When to Use This Skill
Use this skill when:
- Setting up a vector database for a RAG or semantic search application
- Choosing between Qdrant, Weaviate, pgvector, or Pinecone
- Managing collections, indexes, and data migrations
- Optimizing query performance and indexing for production loads
- Implementing multi-tenant vector search with namespace isolation
Vector Database Comparison
| Database | Best For | Hosting | Filtering | Scale |
|---|
| Qdrant | High-performance, rich filtering, self-hosted | Self / Cloud | Excellent | Very High |
| Weaviate | Schema-first, hybrid search, multi-modal | Self / Cloud | Good | High |
| pgvector | Already on Postgres, simple use cases | Self | Good | Medium |
| Pinecone | Zero-ops managed, serverless | Managed only | Good | Very High |
| Chroma | Local dev, prototyping | Self only | Basic | Low-Medium |
Qdrant — Production Deployment
docker run -d \
--name qdrant \
-p 6333:6333 \
-p 6334:6334 \
-v $(pwd)/qdrant-data:/qdrant/storage \
qdrant/qdrant:latest
docker run -d \
--name qdrant \
-p 6333:6333 \
-v $(pwd)/qdrant-data:/qdrant/storage \
-v $(pwd)/qdrant-config.yaml:/qdrant/config/production.yaml \
qdrant/qdrant:latest
storage:
storage_path: /qdrant/storage
on_disk_payload: true
service:
max_request_size_mb: 32
hnsw_index:
m: 16
ef_construct: 100
full_scan_threshold: 10000
quantization:
scalar:
type: int8
quantile: 0.99
always_ram: true
telemetry_disabled: true
Qdrant Collection Management
from qdrant_client import QdrantClient
from qdrant_client.models import (
Distance, VectorParams, HnswConfigDiff,
ScalarQuantizationConfig, ScalarType, QuantizationConfig
)
client = QdrantClient("http://localhost:6333")
client.create_collection(
collection_name="documents",
vectors_config=VectorParams(
size=1536,
distance=Distance.COSINE,
on_disk=True,
),
hnsw_config=HnswConfigDiff(
m=32,
ef_construct=200,
on_disk=False,
),
quantization_config=QuantizationConfig(
scalar=ScalarQuantizationConfig(
type=ScalarType.INT8,
quantile=0.99,
always_ram=True,
)
),
)
client.create_payload_index(
collection_name="documents",
field_name="tenant_id",
field_schema="keyword",
)
client.create_payload_index(
collection_name="documents",
field_name="created_at",
field_schema="datetime",
)
info = client.get_collection("documents")
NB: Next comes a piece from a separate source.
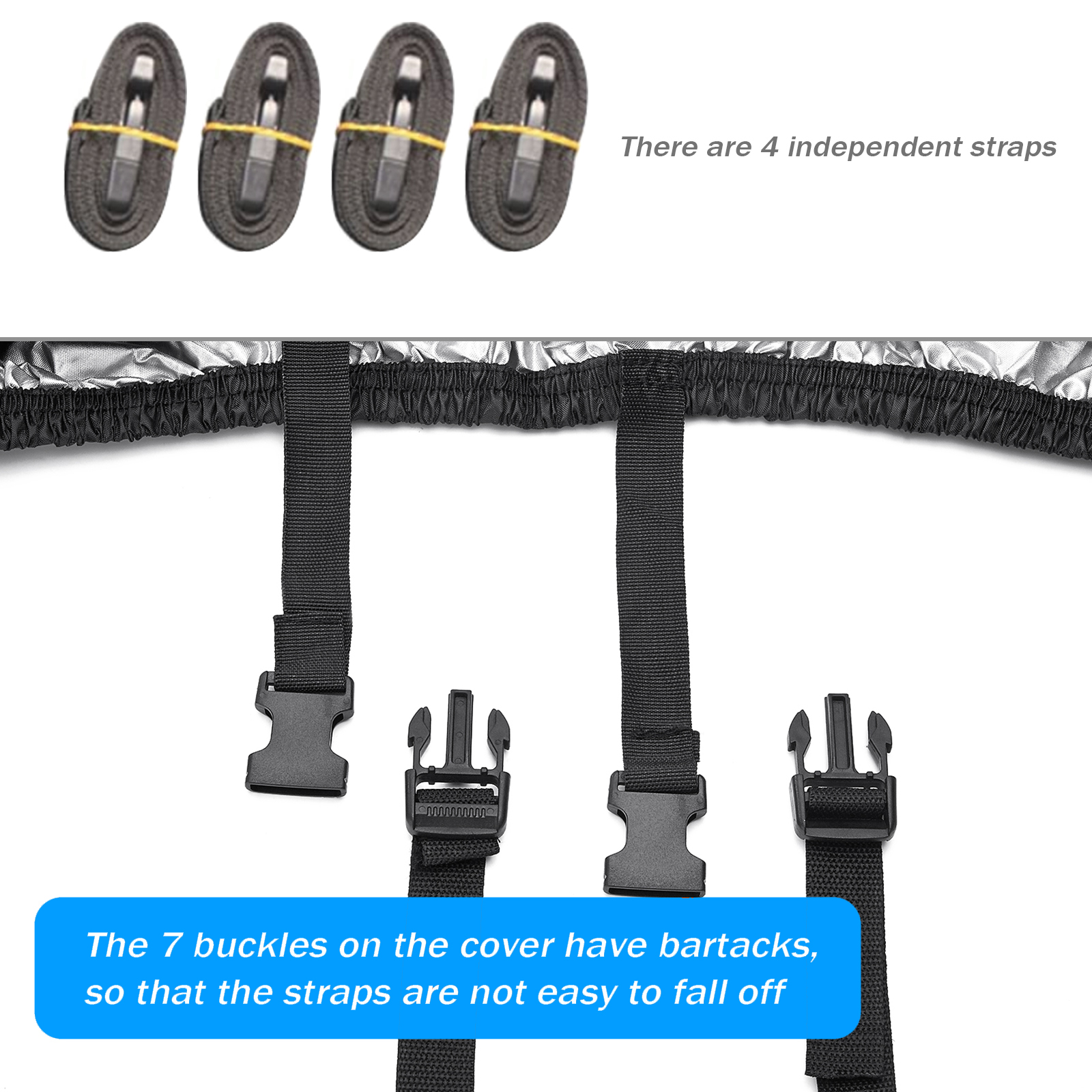 【Buckles, straps and vents】Buckles, straps and vents: 4 independent straps and 8 buckles can be used to increase the safety of the cover. With rear vents, it can reduce wind generated during transportation

print(f"Vectors: {info.vectors_count}, Status: {info.status}")
Qdrant Filtered Search
from qdrant_client.models import Filter, FieldCondition, MatchValue, Range
results = client.query_points(
collection_name="documents",
query=query_embedding,
query_filter=Filter(
must=[
FieldCondition(key="tenant_id", match=MatchValue(value="acme-corp")),
FieldCondition(key="doc_type", match=MatchValue(value="contract")),
],
should=[
FieldCondition(key="created_at", range=Range(gte="2024-01-01")),
],
),
limit=10,
with_payload=True,
)
pgvector — PostgreSQL Extension
CREATE EXTENSION IF NOT EXISTS vector;
CREATE TABLE documents (
id UUID PRIMARY KEY DEFAULT gen_random_uuid(),
content TEXT NOT NULL,
embedding VECTOR(1536),
metadata JSONB DEFAULT '{}',
tenant_id TEXT NOT NULL,
created_at TIMESTAMPTZ DEFAULT NOW()
);
CREATE INDEX ON documents
USING hnsw (embedding vector_cosine_ops)
WITH (m = 16, ef_construction = 64);
SELECT id, content, metadata,
1 - (embedding <=> $1::vector) AS similarity
FROM documents
WHERE tenant_id = 'acme-corp'
AND metadata->>'doc_type' = 'contract'
ORDER BY embedding <=> $1::vector
LIMIT 10;
docker run -d \
--name pgvector \
-e POSTGRES_PASSWORD=secret \
-e POSTGRES_DB=vectordb \
-p 5432:5432 \
-v pgvector-data:/var/lib/postgresql/data \
pgvector/pgvector:pg16
Weaviate Deployment
services:
weaviate:
image: semitechnologies/weaviate:latest
ports:
- "8080:8080"
- "50051:50051"
environment:
QUERY_DEFAULTS_LIMIT: 25
AUTHENTICATION_ANONYMOUS_ACCESS_ENABLED: "false"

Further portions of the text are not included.